(TASK INSTRUCTIONS) Nothing outside the range is to be copied. From the entries below, reproduce exactly the lines starting at the one with "Отправляются прямые рейсы" and ending at the one with "This is why", without pictures.

** DATASET EXTRACT follows **

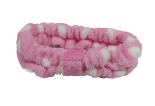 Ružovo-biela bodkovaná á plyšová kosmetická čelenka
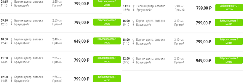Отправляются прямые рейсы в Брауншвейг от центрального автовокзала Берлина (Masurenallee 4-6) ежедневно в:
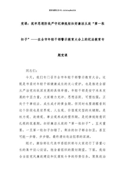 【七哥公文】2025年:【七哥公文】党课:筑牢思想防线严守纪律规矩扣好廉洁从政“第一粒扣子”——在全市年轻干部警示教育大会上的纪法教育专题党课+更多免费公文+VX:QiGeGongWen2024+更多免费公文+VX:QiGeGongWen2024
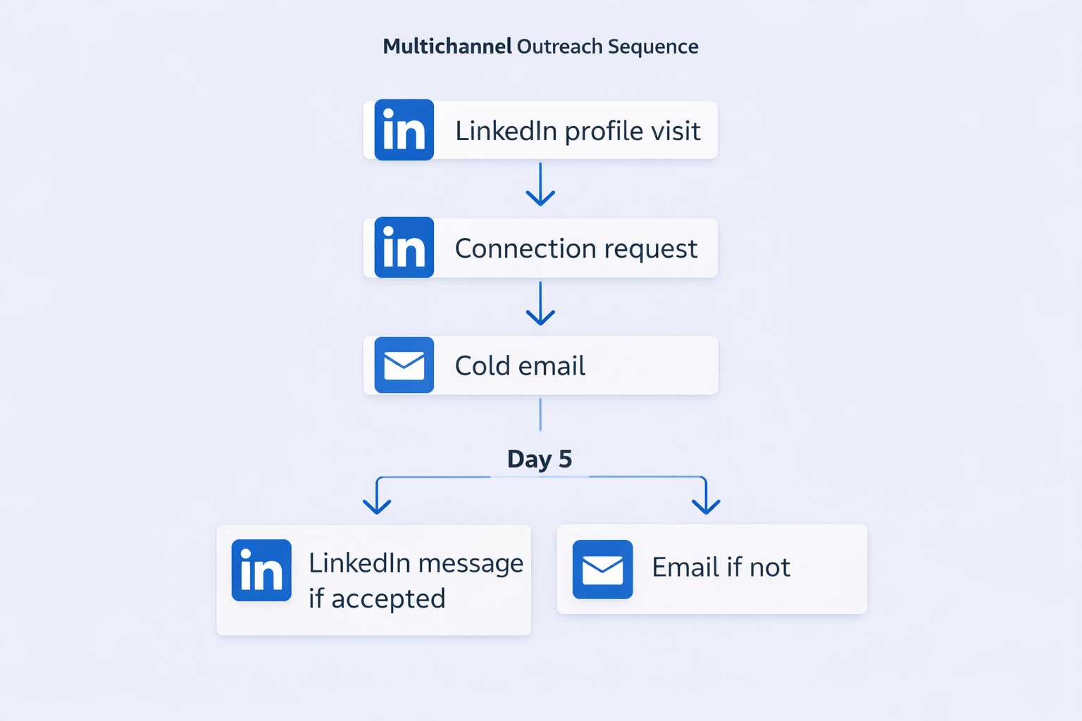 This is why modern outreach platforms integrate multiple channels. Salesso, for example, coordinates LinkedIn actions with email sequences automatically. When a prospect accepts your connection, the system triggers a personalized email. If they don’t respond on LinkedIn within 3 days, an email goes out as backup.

** End of DATASET EXTRACT **
** DATASET EXTRACT follows **

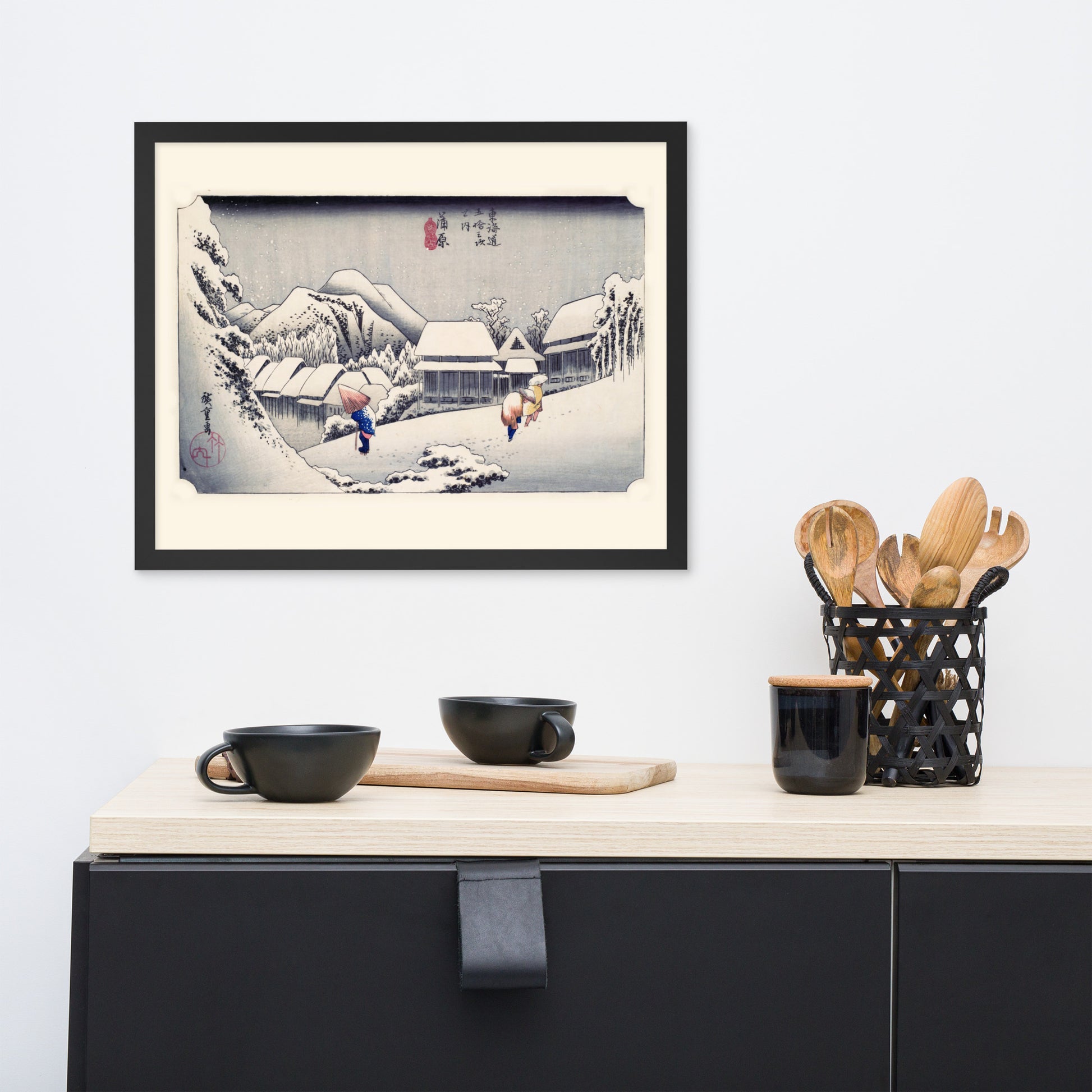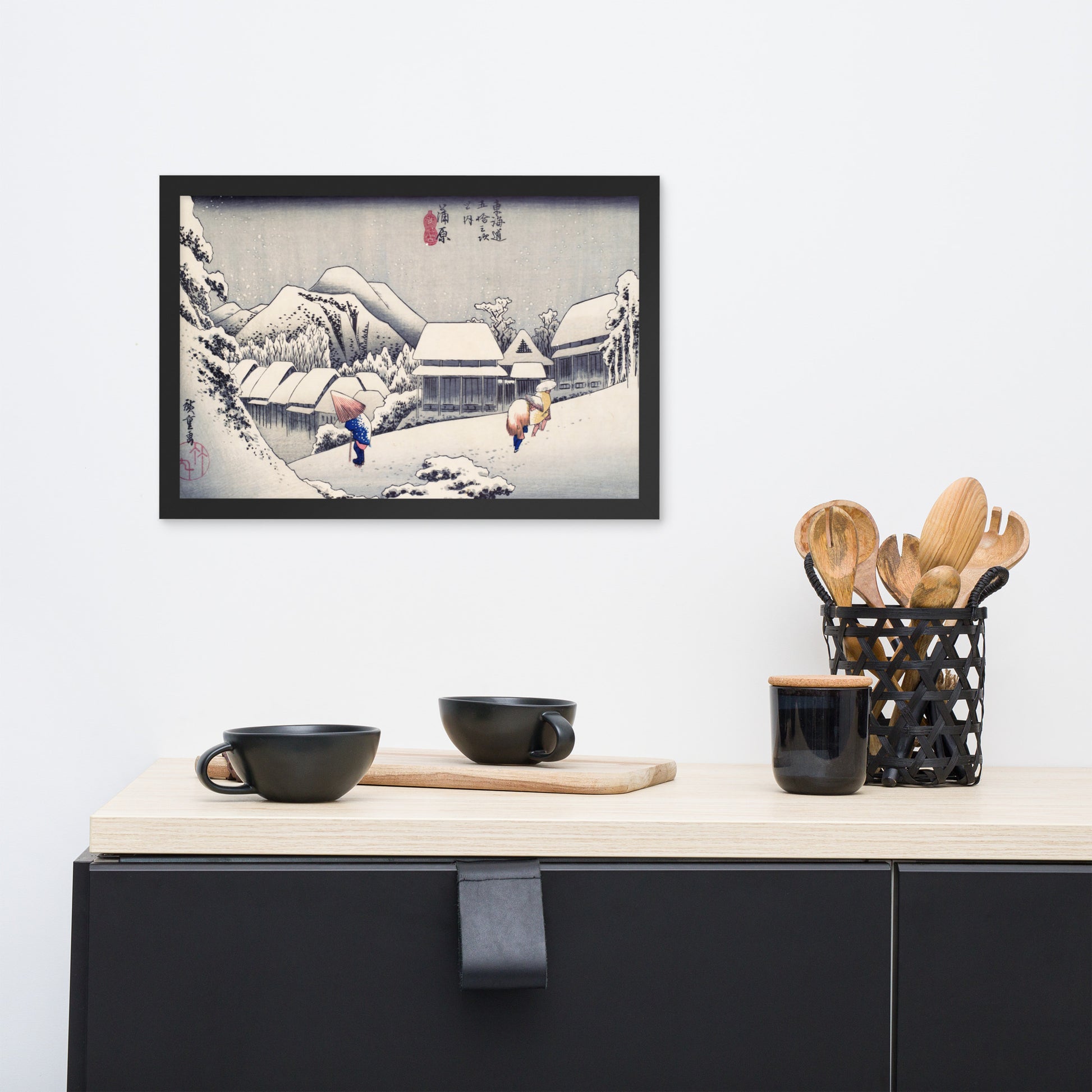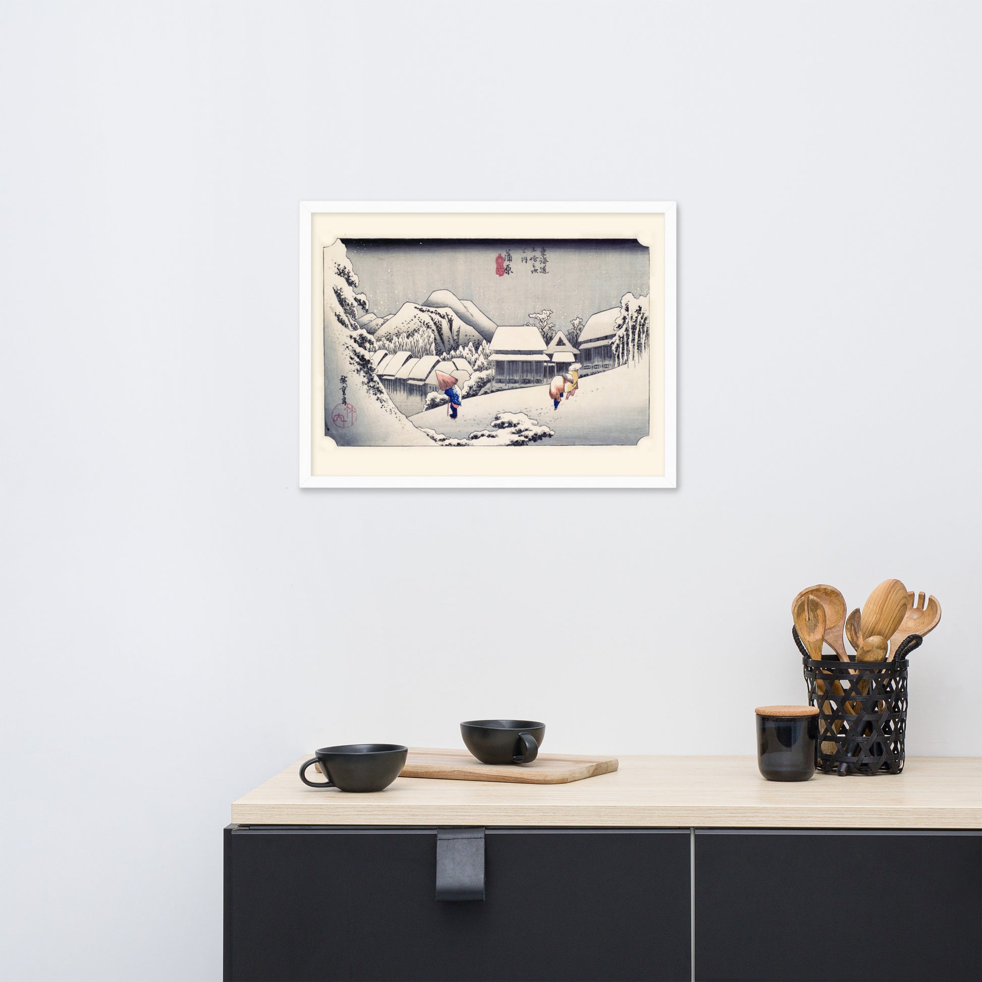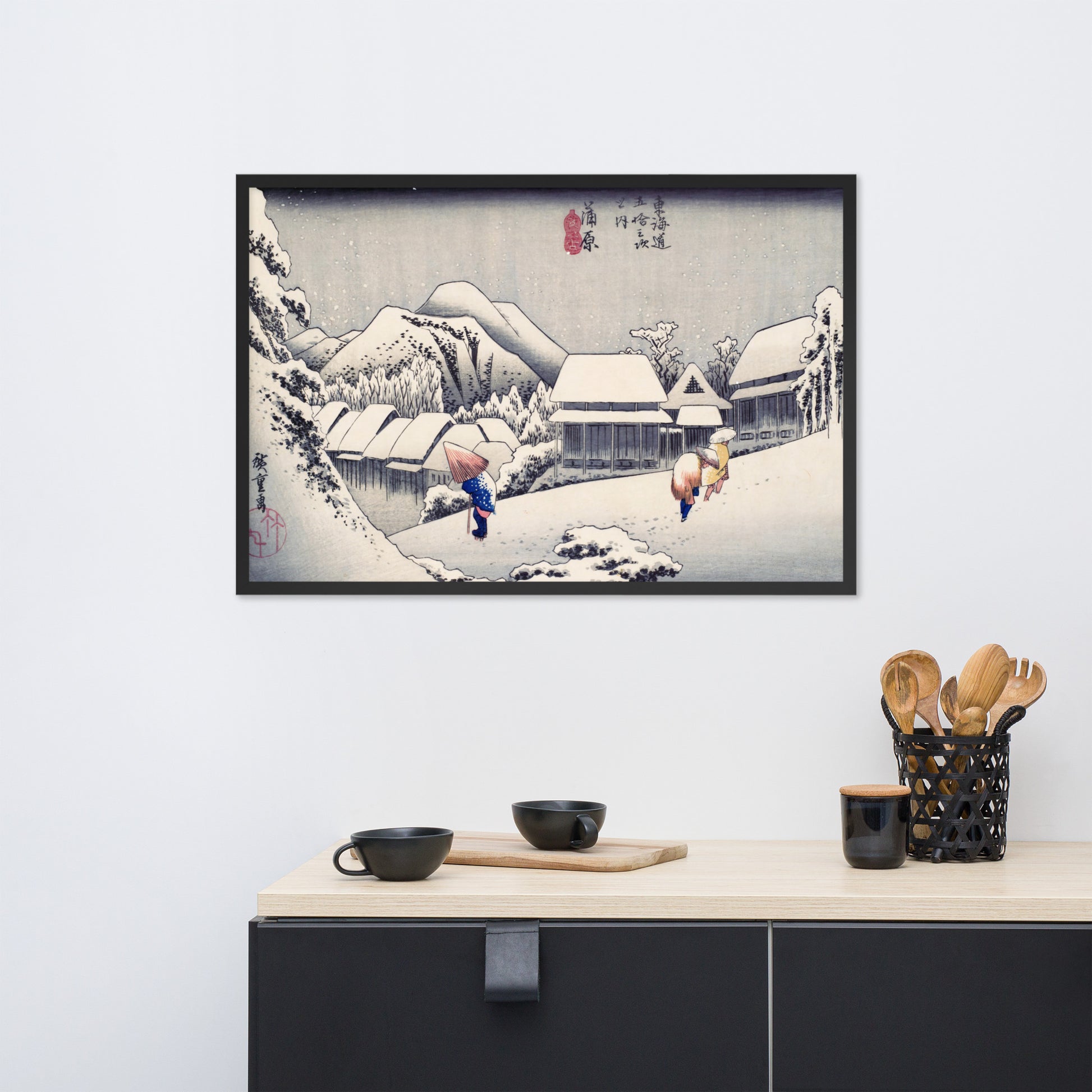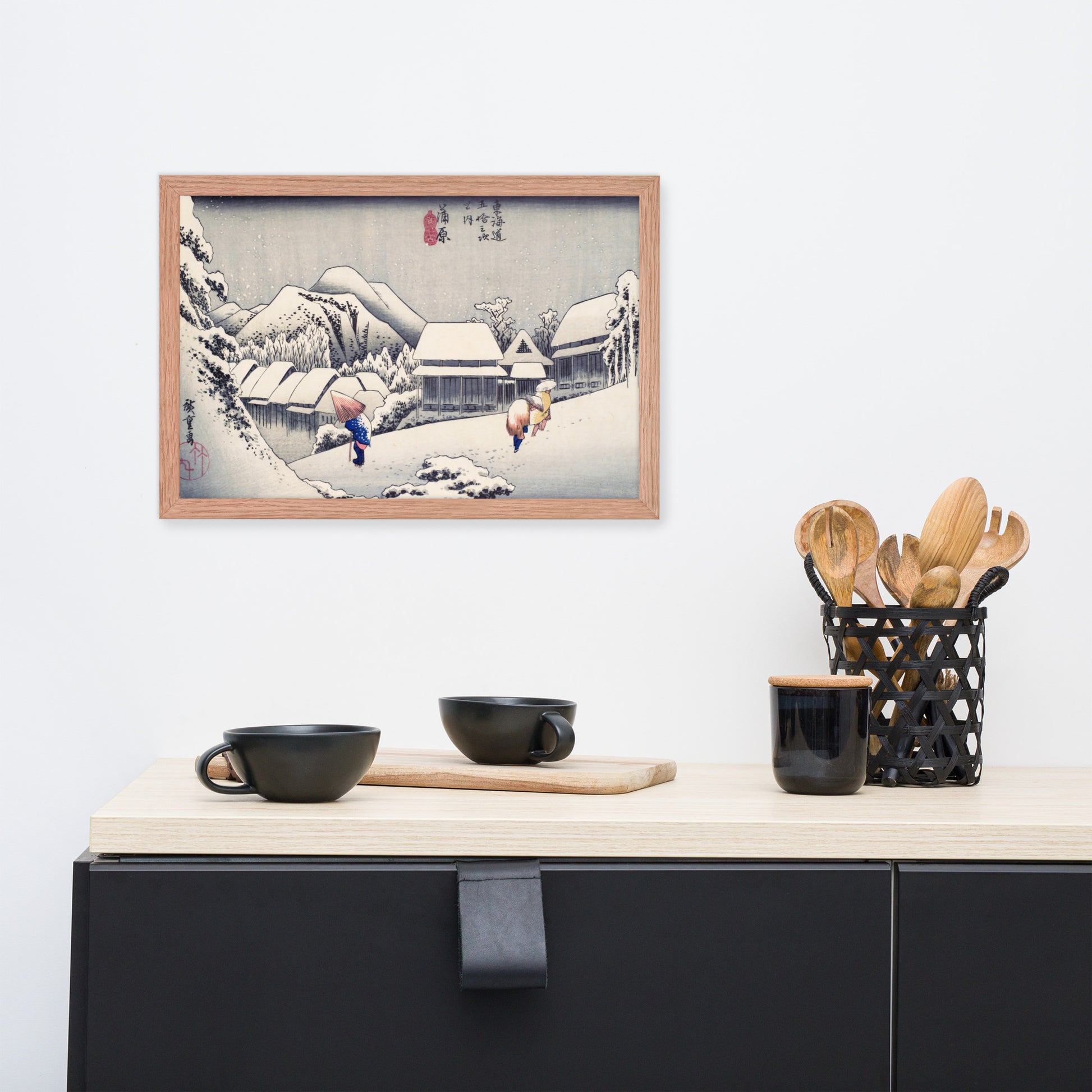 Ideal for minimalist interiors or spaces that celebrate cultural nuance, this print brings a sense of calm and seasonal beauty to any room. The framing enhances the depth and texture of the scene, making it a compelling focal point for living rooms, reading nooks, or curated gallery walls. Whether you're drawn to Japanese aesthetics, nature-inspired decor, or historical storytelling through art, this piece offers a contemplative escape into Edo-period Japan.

** End of DATASET EXTRACT **

(WRITTEN RESPONSE)
Отправляются прямые рейсы в Брауншвейг от центрального автовокзала Берлина (Masurenallee 4-6) ежедневно в:
 【七哥公文】2025年:【七哥公文】党课:筑牢思想防线严守纪律规矩扣好廉洁从政“第一粒扣子”——在全市年轻干部警示教育大会上的纪法教育专题党课+更多免费公文+VX:QiGeGongWen2024+更多免费公文+VX:QiGeGongWen2024
 This is why modern outreach platforms integrate multiple channels. Salesso, for example, coordinates LinkedIn actions with email sequences automatically. When a prospect accepts your connection, the system triggers a personalized email. If they don’t respond on LinkedIn within 3 days, an email goes out as backup.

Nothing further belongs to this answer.